Stalin's solution was to invest human lives instead of money to modernize his nation,
and thus the slave-labor economy was born.
The first project was the Baltic-White Sea Canal, with slave labor doing the digging
and pile driving that in the rest of the world was done by steam power; 60,000
people died building it. When huge deposits of copper, nickel and cobalt were
discovered near Norilsk in northern Siberia, where the climate was far too severe for
comfortable living, the NKVD simply arrested the necessary engineers and technical
people, charged them with sabotage, sentenced them to 10 years and moved them
to the site along with an initial 5,000 convicts to do the heavy lifting. At the height of
Stalin's slave-labor program, 20% of the national workforce was prisoner labor. Just
up the road from Magadan one kilogram of gold mined from the Kolyma fields cost
one human life.
So in a sense the Gulag was a product of Russian tradition, the collective philosophy
of communism and financial necessity since the war. A communism economy was an
impossible concept from the start. Recognition of the rights of the individual, or
democratic values, or even a hint of compassion, might have nullified this permanent
stain on Russia's reputation. But it was not to be, and the result was the human
catastrophe of the arctic death camps.
What did the West think about all this? Life magazine declared Lenin "perhaps the
greatest man of modern times." The New York Times' Pulitzer Prize-winning reporter
Walter Duranty ("I put my money on Stalin") intentionally falsified his reporting
about Soviet-induced famines and abuses, writing in 1933 that yes, there might be a
few deaths, but "you can't make an omelet without breaking some eggs." In France,
philosopher Jean Paul Sartre wrote that "accounts of the Soviet labor system should
be suppressed even if true, since otherwise the French working class might become
anti-Soviet."
Within the Soviet Union, even long after the terror and the camps were gone, there
was a deafening silence about its appalling past. Krushchev's famous 1956 speech to
a Communist Party conference denouncing Stalin's abuses was not published within
the U.S.S.R. for more than 30 years (perhaps because Krushchev issued exile
decrees of his own).
For the older generation, guilt by association and fear of the consequences of
honesty were too overwhelming to allow any discussion of the truth. Even today,
here in the towns of the Siberian east only a few miles from Magadan and the
camps, memorials to the heroes of the Revolution are featured in museums and the
hammer and sickle are still inlaid in the brick walls of apartment buildings.

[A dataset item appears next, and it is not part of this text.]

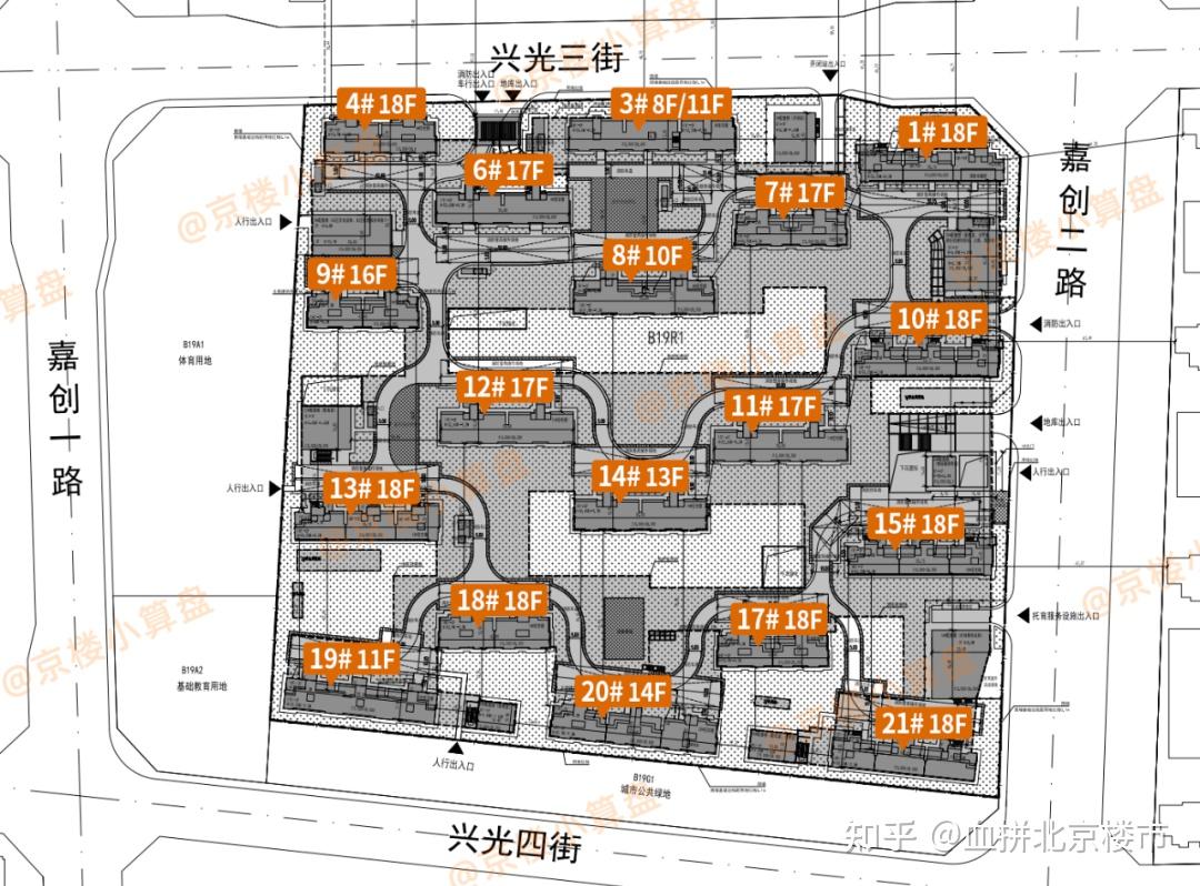 项目共规划18栋住宅楼,8-18层的高层+洋房,容积率2.5,控高60米。

Among younger people the uneasiness is still there, but the attitude is one of moving
on, and never mind about the past. While the walking shadows of the Soviet Union
may be out of sight, just beyond the mountains and up what the prisoners called
"the road of death," they are not gone from Russia, and won't be for a long while.
Mr. du Pont, a former governor of Delaware, is policy chairman of the Dallas-based
National Center for Policy Analysis. His column appears Wednesdays.